Toffler inspired science fiction writer John Brunner.

Brunner's book 'Stand On Zanzibar' won the 1969 Best Science Fiction Novel. It's set in the early 21st Century. He followed Toffler's ideas and it's scary how many things he got right.

[–] anon6789@lemmy.world 4 points 1 day ago

Stand on Zanzibar (1968) is set in 2010, at a time when population pressure has led to widening social divisions and political extremism. Despite the threat of terrorism, U.S. corporations like General Technics are booming, thanks to a supercomputer named Shalmaneser. China is America's new rival. Europe has united. Brunner also foresees affirmative action, genetic engineering, Viagra, Detroit's collapse, satellite TV, in-flight video, gay marriage, laser printing, electric cars, the de-criminalization of marijuana, and the decline of tobacco. There is even a progressive president (albeit of Beninia, not America) named "Obomi".

Have we ruled him out as a time traveler? 😆

I'll have to add this to my reading list. Thanks!

[–] Dagwood222@lemm.ee 5 points 1 day ago

The GOP decided that Monica's blue dress and Stormy Daniels should be part of every school kid's curriculum

Hayes ending reconstruction is one of the worst and possibly one of the most consequential decisions in the history of mankind.

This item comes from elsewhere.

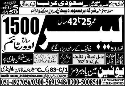 Labour Jobs in Saudia Arabia 2026 announce the Contract career opportunities for the post of See Below Ad in Saudi Arabia for the fresh and experienced candidates on Contract basis who have Check Advertisement degree. Posted date of this post is 15/01/2026 and the last date is 23/01/2026. if you are eligible for this job apply before due date.

[–] fluxion@lemmy.world 34 points 1 day ago

I declare him a loser here and now.

[–] solsangraal@lemmy.zip 16 points 1 day ago

better hope biden handles the violent mob correctly, instead of how it was responded to last time

[–] Rapidcreek@lemmy.world 13 points 1 day ago (1 children)

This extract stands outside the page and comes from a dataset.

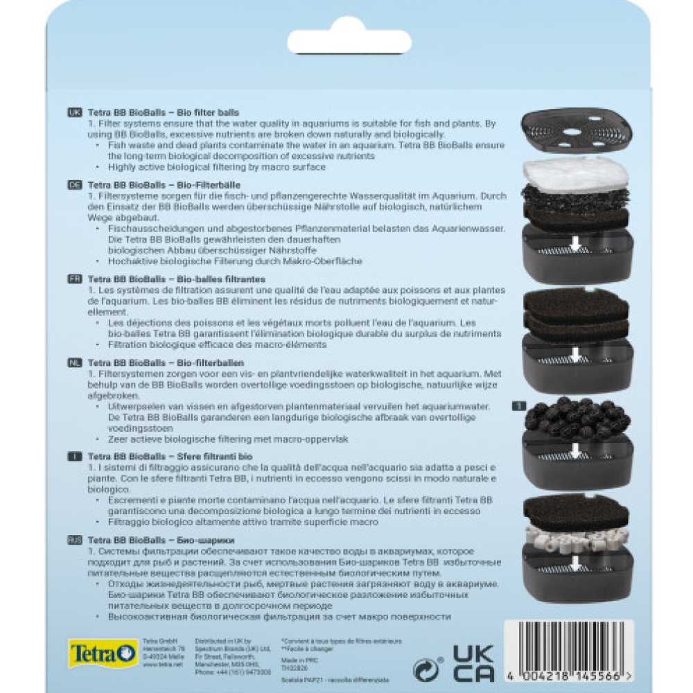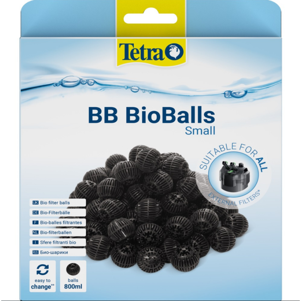 Оригінальний наповнювач фільтра Tetra «BioBalls» являє собою біо-кульки, які ефективно чистять воду, видаляючи з неї великі частки бруду. Вони охоплюють велику площу поверхні акваріума, що сприяє розмноженню потужної колонії бактерій нітрифікаторів, і біологічній фільтрації води

Early voting in the blue wall states is blocked for count until after precinct counts. So you will see early in the night, a mirage where perhaps Trump is up. This is when he'll say he won, but by early morning, and the early vote count, the story might change. However Florida does count its early vote first.

[–] MirthfulAlembic@lemmy.world 7 points 1 day ago

The red mirage/blue shift will probably be much smaller than prior elections, since it seems Trump supporters are using early or mail in voting more than before. The splits by party for these methods are smaller so far this year.

[–] Antiproton@programming.dev -1 points 1 day ago (3 children)

Trump can declare whatever he wants. No one is going to listen to him.

[–] AA5B@lemmy.world 16 points 1 day ago (1 children)

They will. This is the entire reason for the attempted coup last time. Trump was up early, declared victory, then absentee ballots were counted and …. It must be fraud

[–] AmidFuror@fedia.io 11 points 1 day ago
  • Absentee ballots tipping election to Biden = fraud
  • Trump telling Georgia Sect. of State to "find" votes putting Trump over top = official act immune from prosecution
[–] HeadfullofSoup@kbin.earth 17 points 1 day ago

That's the problem a LOT of people listen to him now and will when he try to cheat and declaring victory really early is only one of those try

[–] LovableSidekick@lemmy.world 5 points 1 day ago* (last edited 1 day ago)

His fans will listen, and that's the plan. He did this in 2016 and 2020 - declare victory during the "red mirage" portion of the evening, when he'll probably be ahead, because Republicans tend to live in low-population areas that finish their counting early because they have fewer ballots. This is a well known phenomenon on national election nights. Democratic votes tend to come in later, because more democrats live in larger urban areas that take longer to count. After Trump declares victory based on these early returns, his fans will go to bed happy. Then when all the votes are in and it turns out he lost, they'll "know" the election was stolen because in their minds they already "saw" him win.